▶ **The problem**:
An exact reproduction is needed of every line from the beginning of the data down to and including the line that contains "这里的每个点、每个叉,都是你", minus the pictures.

▶ **Data**:
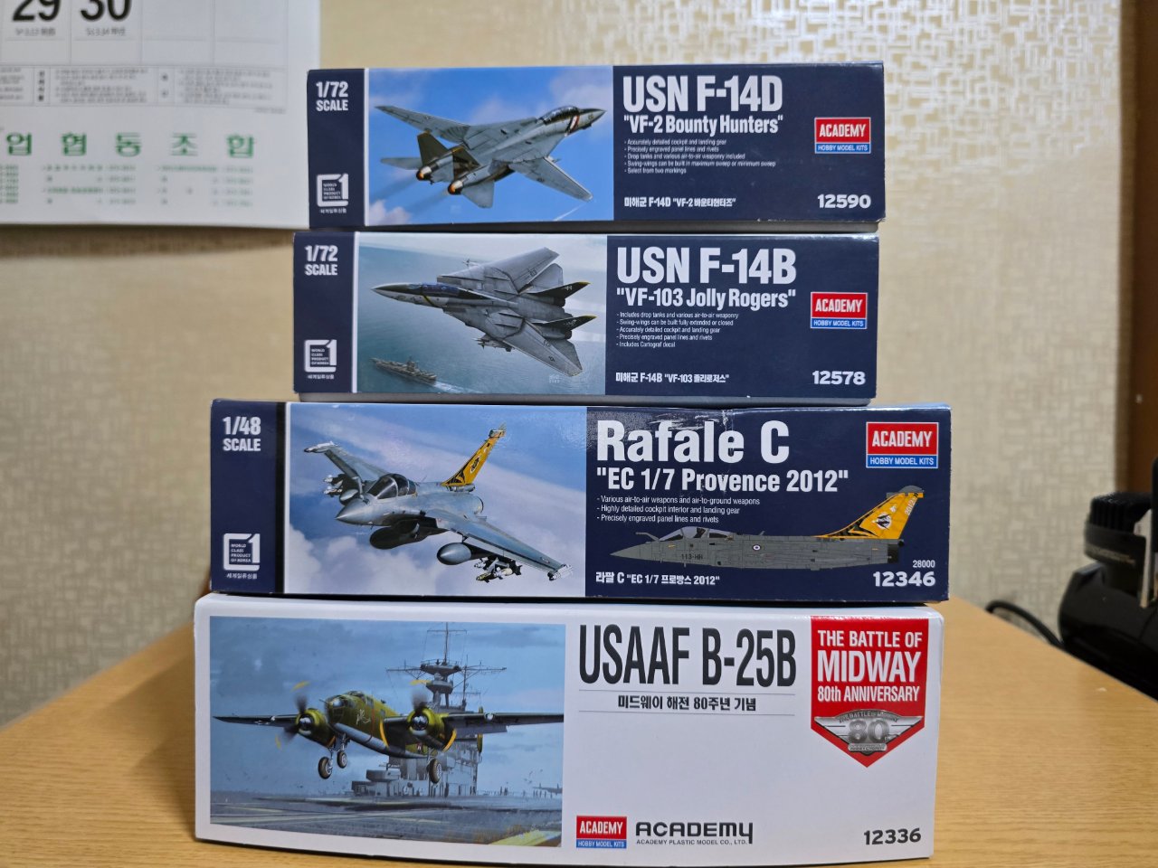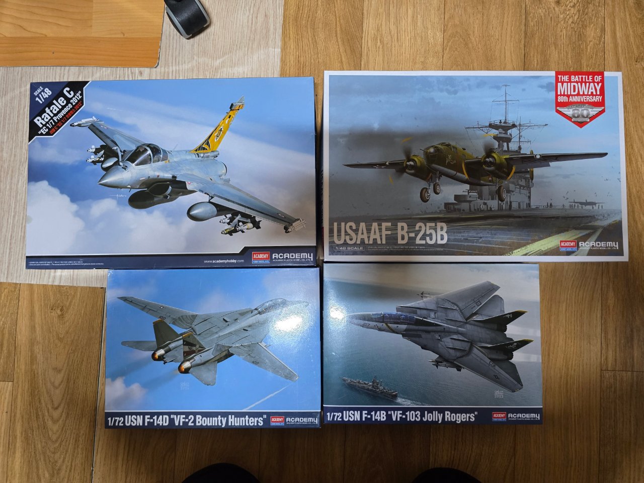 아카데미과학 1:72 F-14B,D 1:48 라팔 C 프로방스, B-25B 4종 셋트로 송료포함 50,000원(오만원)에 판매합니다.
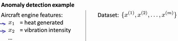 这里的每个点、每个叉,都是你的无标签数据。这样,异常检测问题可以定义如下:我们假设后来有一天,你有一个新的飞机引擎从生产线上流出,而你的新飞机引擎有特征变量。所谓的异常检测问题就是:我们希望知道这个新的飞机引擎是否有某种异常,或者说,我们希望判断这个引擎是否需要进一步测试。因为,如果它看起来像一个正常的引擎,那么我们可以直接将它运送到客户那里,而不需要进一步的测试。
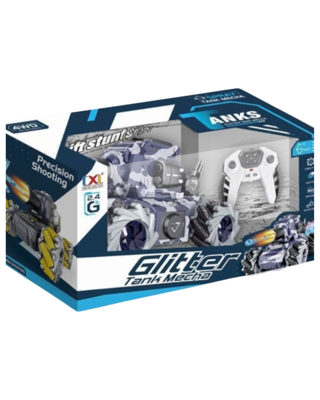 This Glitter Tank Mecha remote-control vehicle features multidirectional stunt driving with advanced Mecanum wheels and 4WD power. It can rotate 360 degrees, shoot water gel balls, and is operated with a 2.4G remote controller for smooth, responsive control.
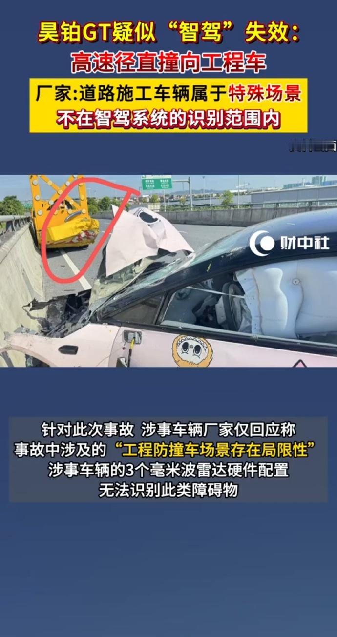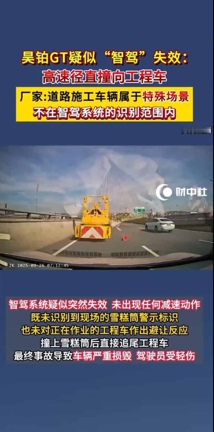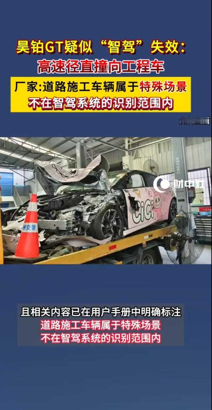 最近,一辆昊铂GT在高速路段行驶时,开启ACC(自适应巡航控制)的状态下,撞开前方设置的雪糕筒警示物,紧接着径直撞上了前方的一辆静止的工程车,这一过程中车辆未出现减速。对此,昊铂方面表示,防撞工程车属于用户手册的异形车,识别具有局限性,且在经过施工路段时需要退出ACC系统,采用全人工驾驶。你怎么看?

▶ **Response area**:
 아카데미과학 1:72 F-14B,D 1:48 라팔 C 프로방스, B-25B 4종 셋트로 송료포함 50,000원(오만원)에 판매합니다.
 这里的每个点、每个叉,都是你的无标签数据。这样,异常检测问题可以定义如下:我们假设后来有一天,你有一个新的飞机引擎从生产线上流出,而你的新飞机引擎有特征变量。所谓的异常检测问题就是:我们希望知道这个新的飞机引擎是否有某种异常,或者说,我们希望判断这个引擎是否需要进一步测试。因为,如果它看起来像一个正常的引擎,那么我们可以直接将它运送到客户那里,而不需要进一步的测试。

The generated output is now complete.